New Yale College Dean Peter Salovey and Graduate School Dean Jon Butler officially kicked off their terms last week by welcoming students to campus after smoothly transitioning to their new posts this summer.

Salovey is finalizing a plan to implement the recommendations of the 2003 comprehensive undergraduate curricular review and is working with foreign universities to revamp undergraduate study abroad programs, he said. Butler, a historian, said he spent the summer touring all of the University’s science departments for the first time and is looking at new ways to engage students and faculty in the Graduate School.

Yale President Richard Levin said he is impressed with the deans’ smooth transition. Levin appointed Butler and Salovey, the former Graduate School dean, to their new positions last February after former Yale College Dean Richard Brodhead announced he would become president of Duke University.

“I think everyone’s doing well,” Levin said. “They actually started the transition in the spring and everything’s going very smoothly.”

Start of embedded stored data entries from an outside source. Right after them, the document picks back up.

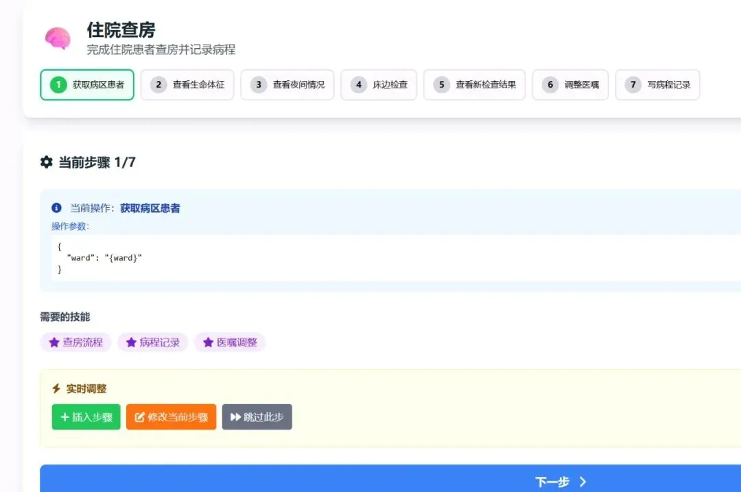 其二,首创医疗任务运行时动态调整机制,让标准化模板适配个性化医疗场景。医疗工作的特殊性在于,标准化流程下仍需根据患者情况、工作需求灵活调整,MedClaw首次实现医疗任务步骤的跳过、插入、修改全维度动态操作,无需重构代码,即可在运行时调整任务流程,比如临床接诊中可跳过非必要检查步骤、康复评估中插入专项检查环节,让标准化模板不再是僵化的流程,而是能适配各类个性化医疗场景的灵活框架,这一设计远超海外工具的固定自动化流程,真正贴合医疗工作的实际需求。
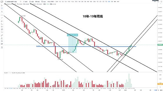 我们从2018年至2020年ADA周线整体走势能看出,期间形成了2段周线下行趋势和2段突破反弹趋势行情,上一波19年拉升突破反弹涨幅高达160%,20年这一波从周线突破点涨至目前点位,区间幅度目前也已高达70%,这一波拉升带量,整体走势可以说相当强势,目前价格已站上周线颈线压力,大方向继续震荡走高的概率大。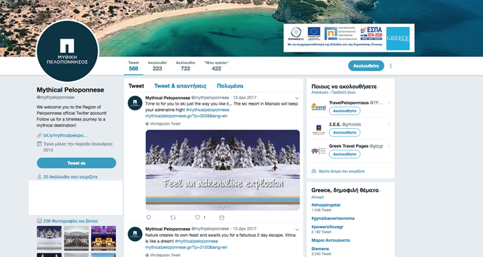 Σε κάθε περίπτωση η απουσία της "Μυθικής Πελοποννήσου" από τα κοινωνικά δίκτυα θα πρέπει να προβληματίσει την επιχειρηματική κοινότητα, αφού πλέον ένας μεγάλος αριθμός ταξιδιωτών επιλέγει προορισμό για τις διακοπές του λαμβάνοντας υπόψη αναρτήσεις στο Facebook, στο Twitter ή βλέποντας βίντεο στο YouTube.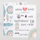 Letar du efter en retroinbjudan i 1970-talsstil till din bröllopsfest? Denna inbjudan förkroppsligar verkligen 1970-talstemat! Bohoelement och rolig text kommer att få dina gäster att känna sig riktigt groovy. Lägg till din egen text i denna design genom att använda rutorna "Redigera denna designmall" på höger sida om objektet, eller klicka på den blå knappen "Anpassa den" för att ändra textens arrangemang, typsnitt och färger, samt för att lägga till ytterligare information eller bilder i designen.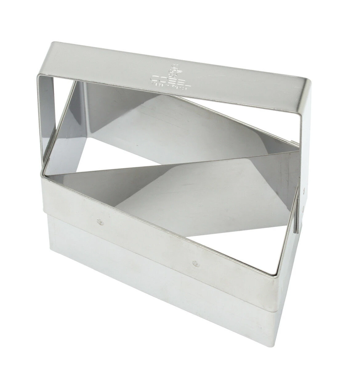 De Gobel croissant uitsteekvorm heeft de vorm van 2 aaneengesloten driehoeken. De vorm met een afmeting van 11 x 7,5 is volledig vervaardigd van roestvrij staal en voorzien van een handgreep. Met de Gobel uitsteekvorm steekt u eenvoudig twee driehoeken uit croissantdeeg, waar u croissants van kunt rollen.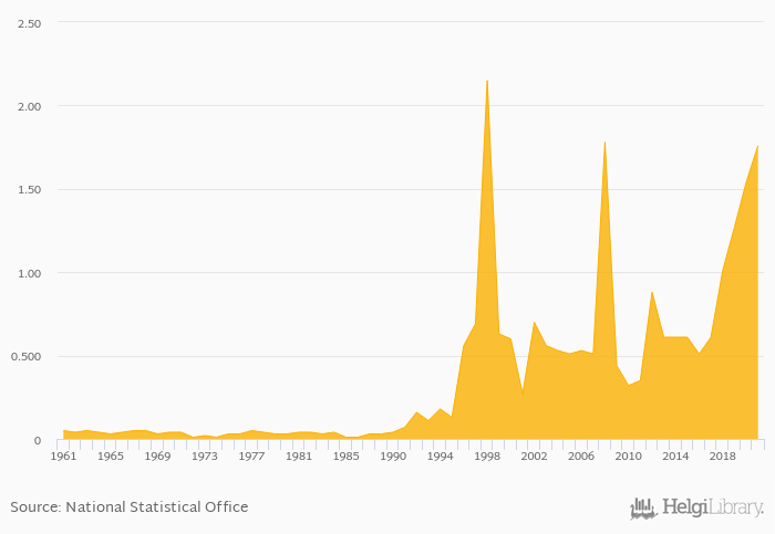 Historically, coffee consumption per capita in Togo reached an all time high of 2.15 kg in 1998 and an all time low of 0.010 kg in 1985. When compared to Togo's main peers, coffee consumption per capita in Benin amounted to 0.450 kg, 0.370 kg in Burkina Faso, 0.010 kg in Ghana and 0.040 kg in Nigeria in 2021.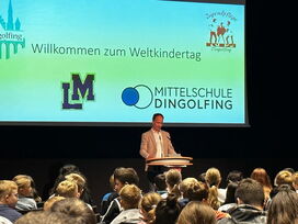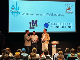 Schnell hatte er die mehr als 350 Kinder aus den 5. und 6. Klassen der Mittelschulen Dingolfing und Landau in seinen Bann gezogen, denn Jimmy Hartwig erzählte von seinem Leben. Und das ungemein spannend und mitreißend. (Lieder) kein Wunder, denn der ehemalige Bundesligafußballprofi und Nationalspieler hatte es nicht immer leicht in seiner Kindheit, wuchs er doch als Sohn eines amerikanischen Soldaten mit seiner Mutter beim Großvater in Offenbach auf. Vor dessen Schlägen flüchtete er nach draußen zum Fußballspielen, widerstand all den Anfeindungen, die er als „Schwarzer Jimmy“ auch dort erleiden musste. Seine Botschaft an die Jugendlichen: Ihr seid stark, habt alle Chancen. Geht euren Weg, fair und anständig, strengt euch an, zeigt Respekt, schämt euch für nichts und niemanden – und wusste hier auch mit Vergleichen zu den Weltfußballern Ronaldo oder Messi zu überzeugen. Denn auch „sie sind durch harte Arbeit, durch viel Fleiß und Training zu Weltstars geworden“. „Das könnt ihr alle auch!“, ist sich Jimmy - so möchte er von den Kindern genannt werden - sicher! Viel Spaß hatten die Kinder auch noch bei den anschließenden Stationen, an denen sie etwa ihr Talent beim Torwandschießen unter Beweis stellen, das Geburtsland auf einer Weltmarke markieren oder Straßenbilder zum Thema Kinderrechte malen durfte.

The two deans share the oversight of Yale’s academic departments and faculty. Salovey will continue working with the science departments and half of the social science departments while Butler will take over the departments Brodhead oversaw — the humanities and the other half of the social sciences.

Just after Salovey moved into the Yale College Dean’s Office, the longtime assistant to the dean, Lorie Fontana, passed away. Salovey said her death made the transition challenging at first since Fontana had worked very closely with Brodhead coordinating faculty appointments.

“For about three decades, there have only been two people sitting in that office,” Salovey said, referring to Fontana’s office. “That’s a lot of knowledge in her head.”

Many freshmen praised Salovey’s welcome address last Saturday at Woolsey Hall. His speech was bookish, they said, but laced with light-hearted humor.

“It was more Ivy-elegant than pumped-up rowdy,” Sean Mehra ’08 said, adding that he enjoyed Salovey’s varying tone.

In a speech titled “Creative Places,” Salovey welcomed freshmen by focusing his words on the community that now surrounds them, a campus he called “a creative milieu on a grand scale.”

“We owe our past and future successes not merely to intellectual prowess and hard work, important as they are, but also to good fortune,” Salovey said, according to his prepared text. “The good fortune to be at a place, like Yale, whose existence inspires creativity and greatness.”

He ended his speech with a reference to Brodhead: “I welcome you to Yale College and know that you will embrace, in my predecessor’s words, ‘the good of this place.'”

Many freshmen said they found Salovey personable. Charles Katz ’08 said Salovey was approachable during orientation.

“He was at Commons sitting with various groups of students while they were eating,” Katz said. “You hear the cliche that at a place like Yale with somewhat of a snob reputation — you don’t expect to see the dean of such an impressive academic college try to relate to students and bridge the gap.”

Alexandra Pulst-Korenberg ’08 noted that Salovey seemed to make a conscious effort to appeal to all students and described him as “a politician, but not as slimy as the rest.”

Salovey was also seen over the weekend escorting freshmen around Old Campus and made an appearance at a freshman workshop titled “Sex Signals.”

“I think he’ll be a great dean,” Joshua Krug ’08 said. “At the sex talk we had, he was there shaking hands and smiling.”